'''

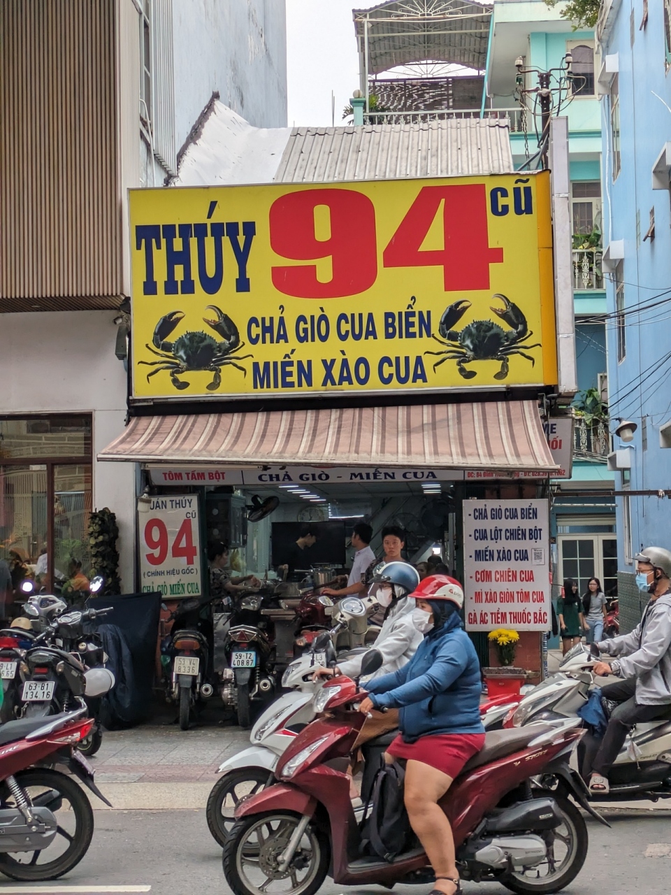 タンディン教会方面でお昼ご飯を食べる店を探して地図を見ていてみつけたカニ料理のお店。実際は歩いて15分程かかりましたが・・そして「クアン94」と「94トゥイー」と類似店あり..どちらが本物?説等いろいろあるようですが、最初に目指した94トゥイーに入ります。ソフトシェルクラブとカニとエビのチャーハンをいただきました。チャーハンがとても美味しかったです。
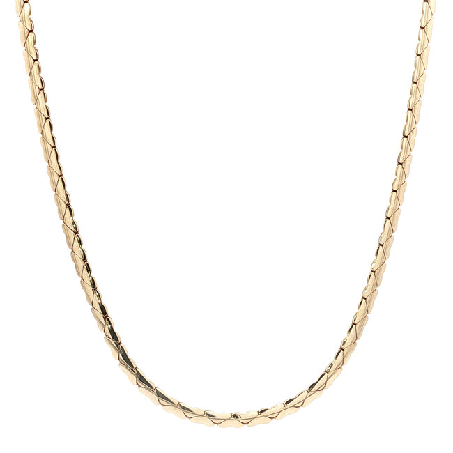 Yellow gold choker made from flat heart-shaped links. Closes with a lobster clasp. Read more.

'''
'''

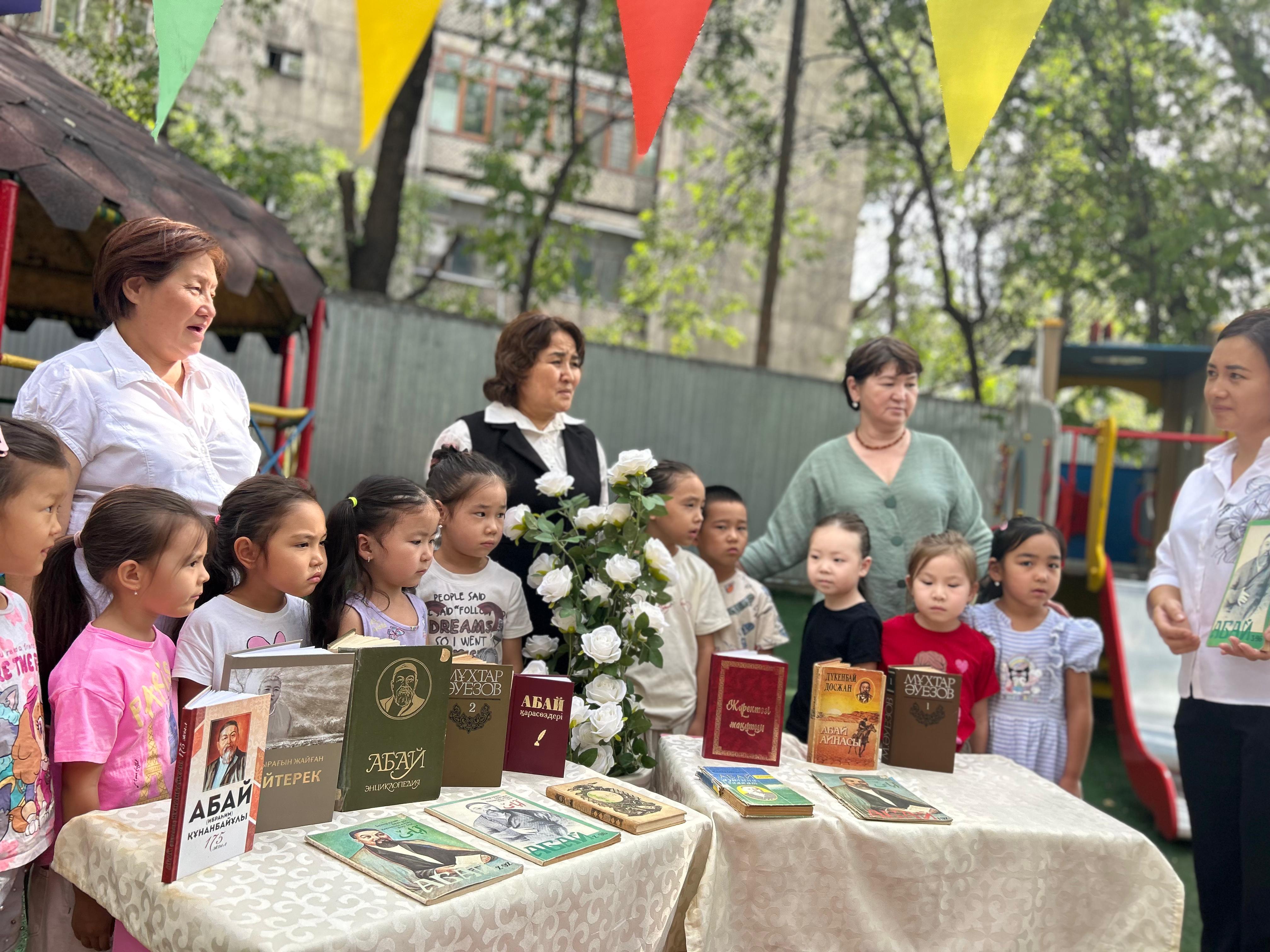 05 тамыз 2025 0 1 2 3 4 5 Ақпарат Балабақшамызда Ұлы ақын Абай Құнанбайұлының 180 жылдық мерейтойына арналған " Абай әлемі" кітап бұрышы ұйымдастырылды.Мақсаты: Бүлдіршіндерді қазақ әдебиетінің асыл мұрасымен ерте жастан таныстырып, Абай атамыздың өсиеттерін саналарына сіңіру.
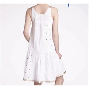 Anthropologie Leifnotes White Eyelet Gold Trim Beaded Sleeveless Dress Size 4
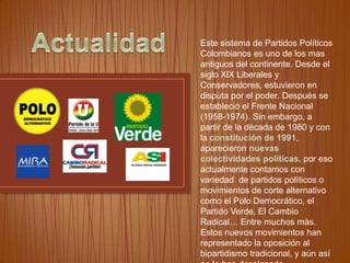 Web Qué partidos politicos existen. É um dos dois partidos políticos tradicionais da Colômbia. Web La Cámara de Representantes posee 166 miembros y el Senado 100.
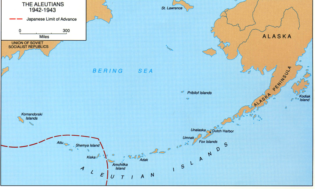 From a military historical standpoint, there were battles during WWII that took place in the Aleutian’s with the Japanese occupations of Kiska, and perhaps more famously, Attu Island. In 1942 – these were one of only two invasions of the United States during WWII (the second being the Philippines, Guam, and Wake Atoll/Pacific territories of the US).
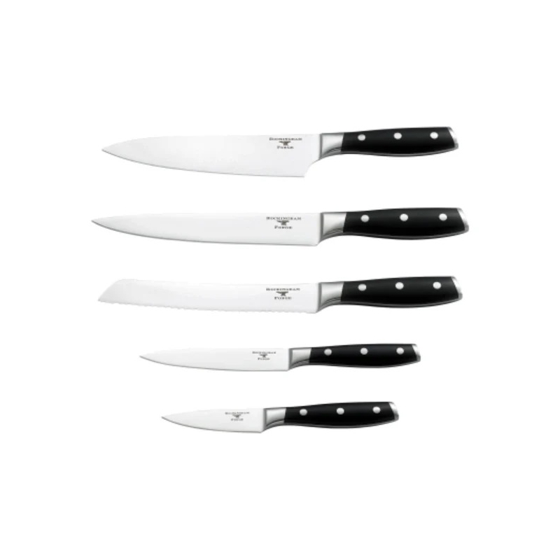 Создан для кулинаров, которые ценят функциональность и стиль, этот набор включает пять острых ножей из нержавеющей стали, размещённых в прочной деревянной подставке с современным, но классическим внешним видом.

'''
'''

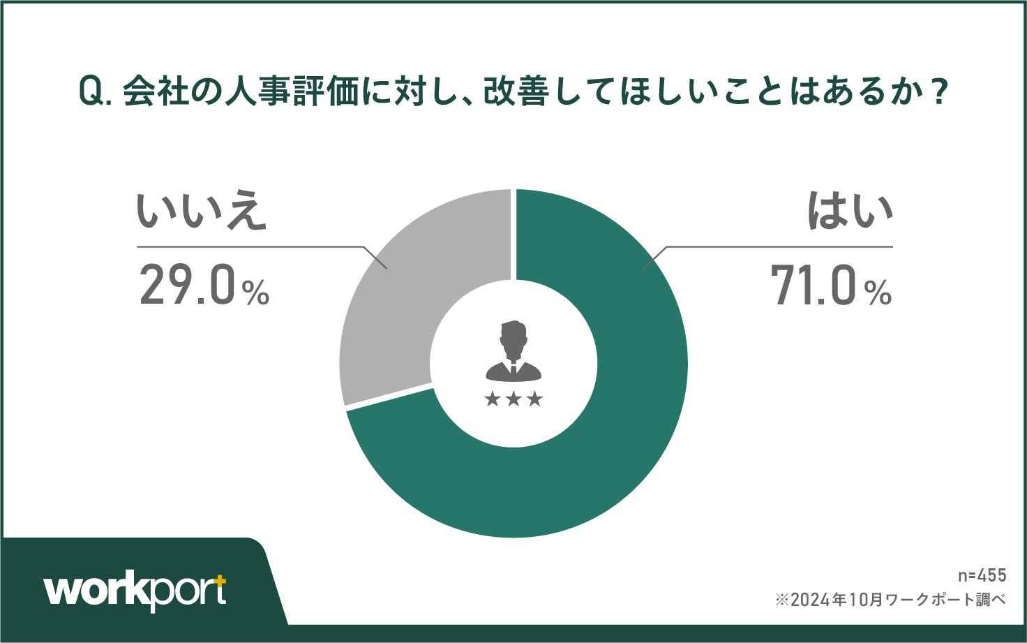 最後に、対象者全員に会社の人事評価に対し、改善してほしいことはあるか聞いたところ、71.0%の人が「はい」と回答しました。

'''

Restate word for word the lines of the data above that begin at the line with "Web Qué partidos" and end at the line with "Создан для кулинаров, которые", keeping both ends and dropping every picture.

## Exercise output
 Web Qué partidos politicos existen. É um dos dois partidos políticos tradicionais da Colômbia. Web La Cámara de Representantes posee 166 miembros y el Senado 100.
 From a military historical standpoint, there were battles during WWII that took place in the Aleutian’s with the Japanese occupations of Kiska, and perhaps more famously, Attu Island. In 1942 – these were one of only two invasions of the United States during WWII (the second being the Philippines, Guam, and Wake Atoll/Pacific territories of the US).
 Создан для кулинаров, которые ценят функциональность и стиль, этот набор включает пять острых ножей из нержавеющей стали, размещённых в прочной деревянной подставке с современным, но классическим внешним видом.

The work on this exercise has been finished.